The ability to address both structural and non-structural SARS-CoV-2 proteins is highly promising in vaccine development, as it enables potency against current and upcoming variants. The company Emergex Vaccines, for example, develops a vaccine with durable protection against the entire lineage of SARS-like coronaviruses by combining peptides from the current virus with that of SARS-CoV-1 (Link).
Yet, developers must show the efficacy of these peptide vaccines in phase II and III clinical trials. One potential issue here is the potency of the adjuvant when solely mixed with the peptides. More robust responses are likely to occur when the adjuvant is chemically bound to the peptide.
At this point, Belyntic comes into play. We are also developing a peptide-based vaccine platform called ImmunoPEC (Link). In this approach, AI-predicted peptides that address T cell-mediated immune response to the particular pathogen are chemically attached to adjuvants to generate an effective and long-lasting immunity. Our proprietary Peptide Easy Clean (PEC) technology plays a vital role in efficiently manufacturing such complex peptides. Our envisioned vaccine cocktail consists of fully synthetic single molecules that are highly stable at ambient temperature, allowing for global supply. We apply the platform for developing a COVID-19 vaccine in collaboration with the University Hospital Bonn.
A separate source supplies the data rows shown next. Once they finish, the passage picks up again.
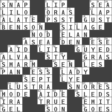 ACROSS 1. Fastener 5. Mouth edge 8. Ocean 11. _ and Stitch 12. Mouths or openings 14. Pet locale 15. Having winglike extensions 17. Inconspicuous attention getter 18. Abrupt rush of wind 19. Gillaume's butler role 21. Fodder prepared in a silo 23. Lower and raise head in agreement 25. Style 26. At sea 27. Lair 28. Compass dir. 31. Assist 33. Cards in a Roman deck? 35. Ridiculed 37. Inventor's middle name 38. Filthy place 40. Pate de foie ____ 41. Excessive but superficial compliments 43. Elected rep. 45. French article 46. Baking dish 47. Curvy letter 50. Kenny Rogers chart-topper in '80 52. Back-to-school mo. 53. Potassium hydroxide 54. A period of five years 56. Sounds asleep 61. Method 62. Assistant 65. Bobsleighs 66. Retirement account (abbr.) 67. Loyal 68. Send forth 69. Set 70. Manchild 71. Leaves DOWN 1. Broad, flat, thick piece 2. Mediterranean tributary 3. Actor Alda or Thicke 4. Cooking vessels 5. Trim (branches) 6. Big collection agency 7. Went by 8. Snaillike creature with no shell 9. Comfort 10. Fitting 13. Vertical member of a panel or frame 16. Immeasurably long periods of time 18. Separate the seeds from cotton 20. Christmas carol 22. Austrian-born American filmmaker Fritz 24. Raised platform 26. The sixth month of the Jewish calendar 28. Jane of fiction 29. Oceans 30. Begley and Asner 31. _ mater 32. _ the terrible 34. ___ a Wonderful Life 36. Repulsive 37. Viper 39. Shout 42. Confront 44. Negative votes 48. Small fatty European fish 49. Flight of steps 51. Lairs 52. Compass dir. 54. Old wives' tales, e.g. 55. Allodial 57. Cassini of fashion 58. San ____ (Riviera town) 59. Singer Brickell 60. Fast planes 61. Russian fighter aircraft 63. Superhero pair 64. Car or cant ending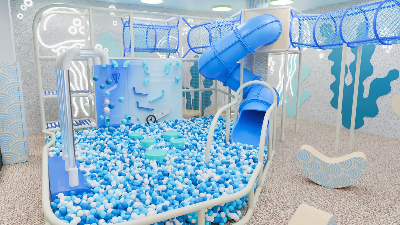 Центральным элементом пространства становится большая игровая зона с сухим бассейном и лабиринтом, где дети могут активно играть, лазать, исследовать переходы и скатываться с горки. Разнообразие игровых элементов позволяет сочетать динамичные игры с развивающими активностями.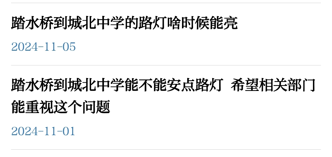 从踏水桥至城北路段,路灯问题什么时候能够解决?此路段是学生上学放学的重要经过路段,很多学生都是骑自行车出行,但是灯光一直都是很暗,还没有车辆的灯光亮,学生出行的安全从哪里来保障?做为主要经过路段,灯光照明还没有旁边新修的支路明亮。仔细观察此路段的路灯,上面是大灯,下面是小灯,但是一直以来都是开的下面的小灯,真的是太黑了,如果有相关部门能看到这个信息,可以自己去感受一下,整个城区都是亮堂堂的,唯独那一条路漆黑,而且在问政平台搜索相关问题,已经不是一次有人提出来,那么久了问题都还是没有解决,问题出在哪里?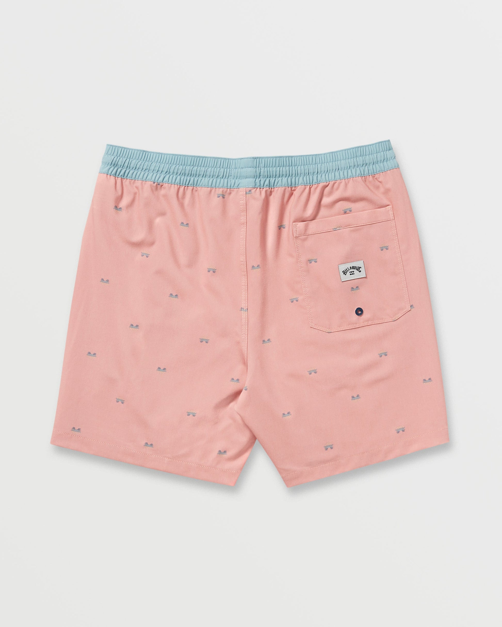 Our comfy layback trunks keep things easy with a 16-inch length and elastic waist. Pro stretch fabric moves with you, while side and back pockets hold essentials for spontaneous summer adventures. Featured here in the Pink colorway.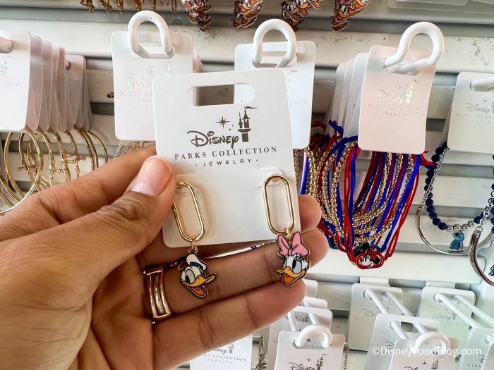 At Creations Shop, we spotted these Donald and Daisy Earrings. They are gold earrings with Donald and Daisy charms. They are $16.99.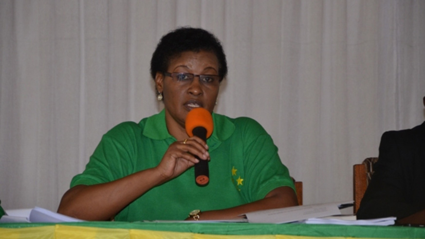The campaign manager for RPF-Inkotanyi, party commissioner Julienne Uwacu (C), introduces the 80 parliamentary candidates of RPF-Inkotanyi and its coalition partners to the residents of Rulindo District yesterday. Nadege Imbabazi.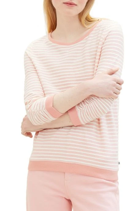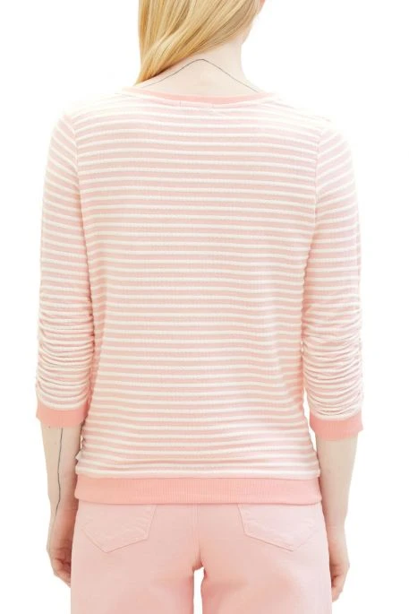 Sweat Tom Tailor pour femme, pull manches longues avec encolure ronde, manches 3/4, pull rayé avec coupe droite et poignets côtelés contrastés.

First of all, preparedness is fundamental to successfully fight any health threats in the future on a national or a global scale (Link). It should include robust surveillance systems for newly emerging viruses, risk assessment and analysis, and fast communication to allow proper and rapid action. Moreover, we need better communication between the scientific community and the public to eradicate/fight circulating misinformation.
Another lesson learned is that coalitions of companies, organizations, and politics are vital to act fast in the fight against a global threat (e.g., COVID-19 healthcare coalition (Link), COVID-19 global evaluation coalition (Link), COVID-19 clinical research coalition (Link)). Drug manufacturing robust to global supply shortages is essential to secure medicine supply.
The development, manufacturing, and distribution of RNA-based vaccines was a breakthrough. Yet, we need more effective vaccines and therapies. The establishment of new vaccine technologies like our ImmunoPEC platform might be the key to developing potent vaccines in the future with pan-corona and long-lasting protection without the need for seasonal boosters (Link).